# Seminary Degree Oriented toward Ethics



## Reformed Bioethicist (May 28, 2022)

Greetings!

New member here. I'm a physician and currently working on an MA in bioethics from Trinity International University. My career goals include practicing medical ethics and teaching ethics in undergrad/medical school/graduate school. During my time at TIU, I am realizing that my biblical and theological understanding needs some solid basis. I graduated from Covenant College back in the day and have a good lay level grasp of Reformed theology. I would like to go deeper though with my studies. Not sure if I'll lean towards a PhD in christian ethics or just stay with a masters. I have been looking at MATS/MABS at WTS and RTS. Wondered if MDiv might be the way to go for the languages and further study. 

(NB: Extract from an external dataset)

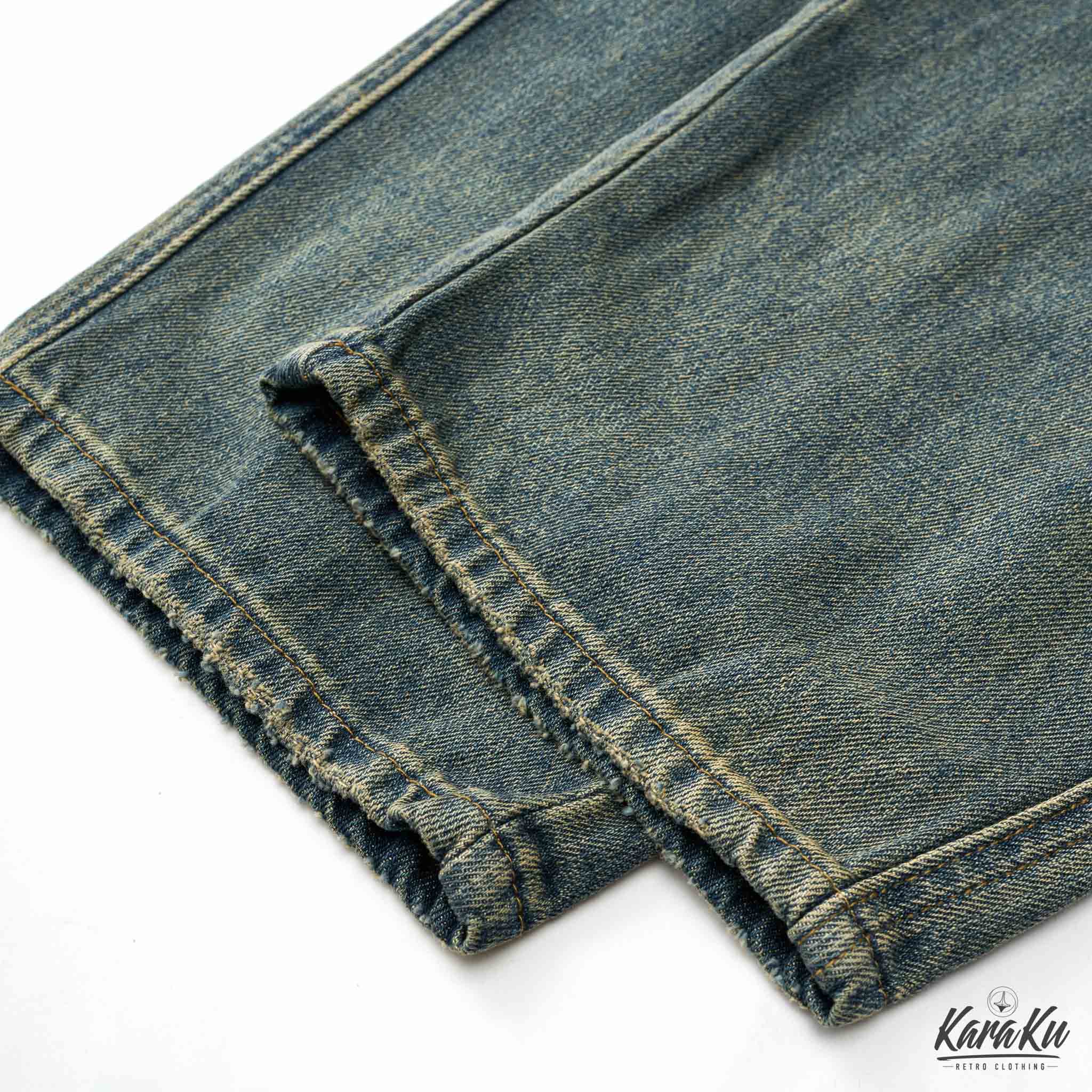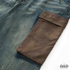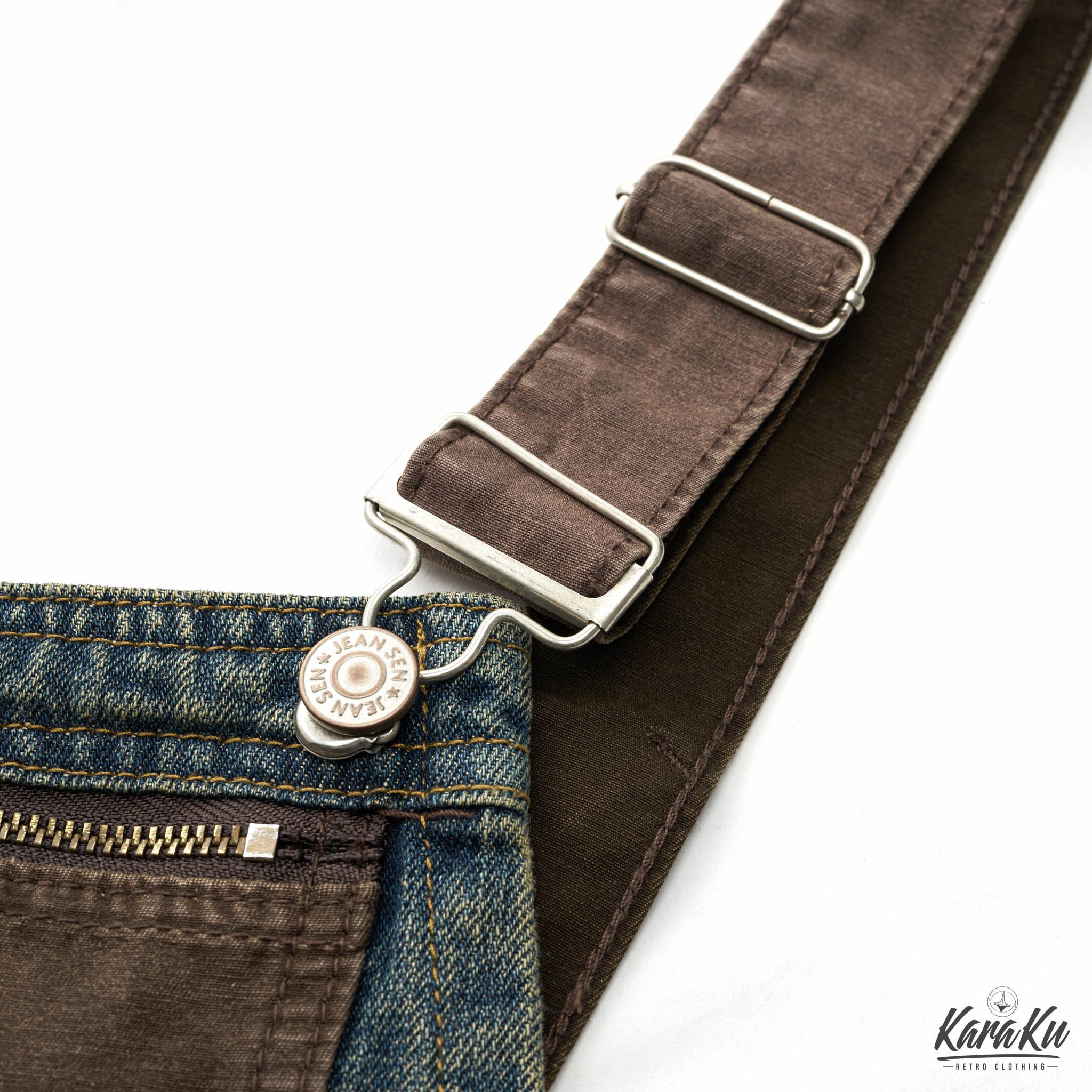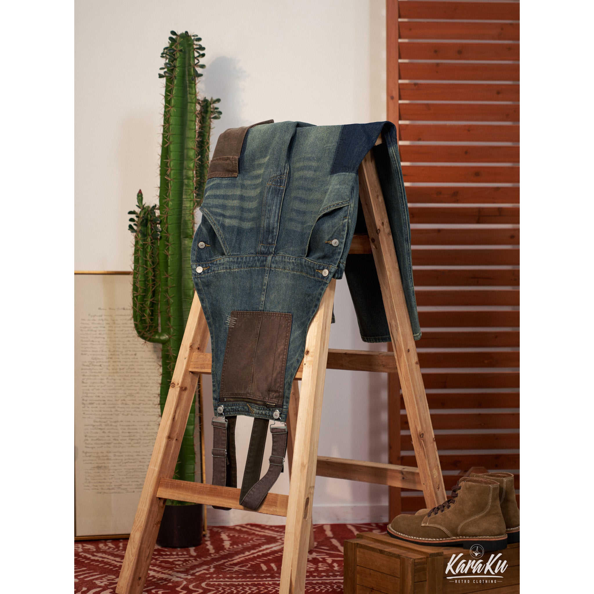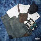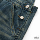 왼쪽에 컬러 전환 포켓, 후면에 패치 포켓을 배치해 워크 디테일이 돋보입니다. 데미지 가공이 되어 있기 때문에 전체적으로 레트로 느낌을 줍니다. 탈부착 가능한 멜빵을 허리 위치에 버튼으로 고정할 수 있고, 타이트하거나 루즈하게 고정하기에 따라 분위기가 다른 스타일링을 즐길 수 있습니다.

Bioethics (the intersection of medicine, science, religion, philosophy, and technology) lends itself to ecumenism (especially from the Catholic perspectives). I had thought about a masters from a reformed seminary with possible further study and training at a Catholic institution for ethics (virtue ethics). 

Any thoughts or further questions I should be asking? 

Thank you!


----------



## Jake (May 29, 2022)

You may want to reach out to Dr. Hans Madueme. I'm guessing he started teaching at Covenant College after you graduated, but I know he has done some work in bioethics and is a PCA guy. https://www.covenant.edu/academics/bible/faculty/madueme.html


----------



## Taylor (May 29, 2022)

Jake said:


> You may want to reach out to Dr. Hans Madueme. I'm guessing he started teaching at Covenant College after you graduated, but I know he has done some work in bioethics and is a PCA guy. https://www.covenant.edu/academics/bible/faculty/madueme.html


I forgot about him. I took a bioethics seminar from him when I was at TEDS. Glad to see he’s still at it.


----------



## Reformed Bioethicist (May 29, 2022)

Jake said:


> You may want to reach out to Dr. Hans Madueme. I'm guessing he started teaching at Covenant College after you graduated, but I know he has done some work in bioethics and is a PCA guy. https://www.covenant.edu/academics/bible/faculty/madueme.html


Yeah he showed up right after I graduated. I’ve spoken to him once. I should reach out again. 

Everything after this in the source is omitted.